She saw protracted service during the Viet Nam war. On 19 April 1972 the Oklahoma City was attacked by one of two North Vietnamese Air Force MiG-17s, flown by pilots Le Xuan Di and Nguyen Van Bay, both from the North Vietnamese Air Force’s 923rd Fighter Regiment. Each Mig was armed with two 500 lb bombs. Van Bay’s target was Oklahoma City. Van Bay made two passes on the cruiser, having overshot his target on the first run, dropped his two bombs near the ship causing light damage. One of the attacking Migs was reportedly shot down by an accompanying missile ship, USS Sterett (DLG-31). Another accompanying ship, USS Higbee (DD-806) was heavily damaged by a direct hit from the second Mig flown by pilot Le Xuan Di, which destroyed her aft 5-inch gun mount.

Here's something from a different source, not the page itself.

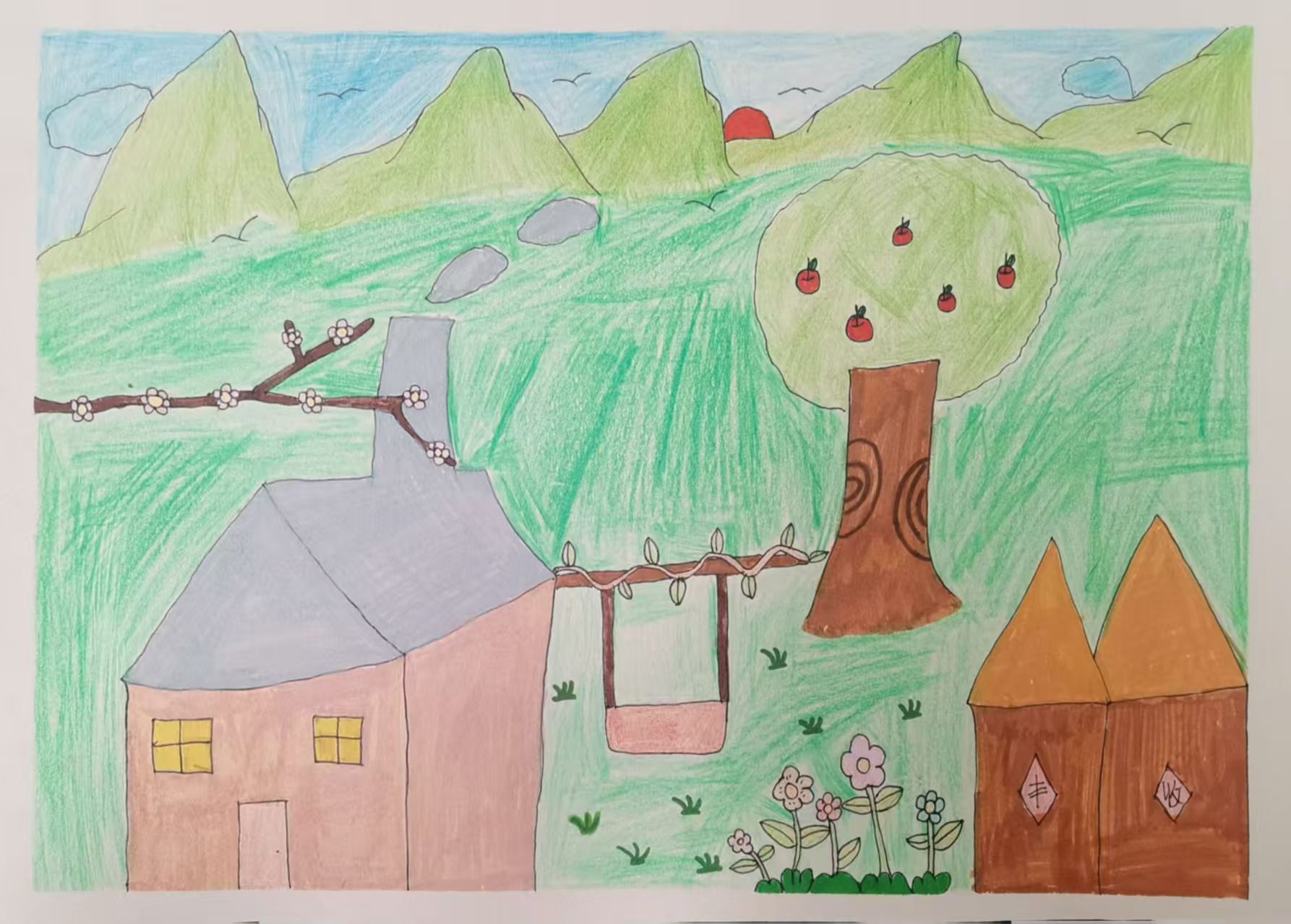 这幅画呈现了一处田园风光:画面左侧有两栋房子,上方的房子是浅棕色墙体、灰色屋顶,带黄色窗户;下方的房子为棕黄配色,墙面上有粉色装饰。中间区域是大片绿色草地,设有一个秋千,还有一棵结满红果子的树和一枝开着白花的树枝。右侧是连绵的绿色山峦,天空中有云朵和红日,左下角则点缀着花草,整体色彩明快,充满童趣,展现出乡村的宁静美好。

The Okie Boat returned to the United States for a final time in 1979. She was decommissioned in December of that year and placed in the reserve fleet at Suisun Bay. In January 1999, she was towed to Pearl Harbor, where some usable material from her was donated for use in outfitting the battleship Missouri (BB-63) as a museum ship.

The “Okie Boat” was then towed to sea and expended as a target during Tandem Thrust ’99 Naval exercise, southwest of Guam during February/March of that year. After first being used as a target for air-launched missiles Oklahoma City was sunk by torpedoes from the South Korean submarine Lee Chun. Oklahoma City broke into two parts as she sank beneath the waves.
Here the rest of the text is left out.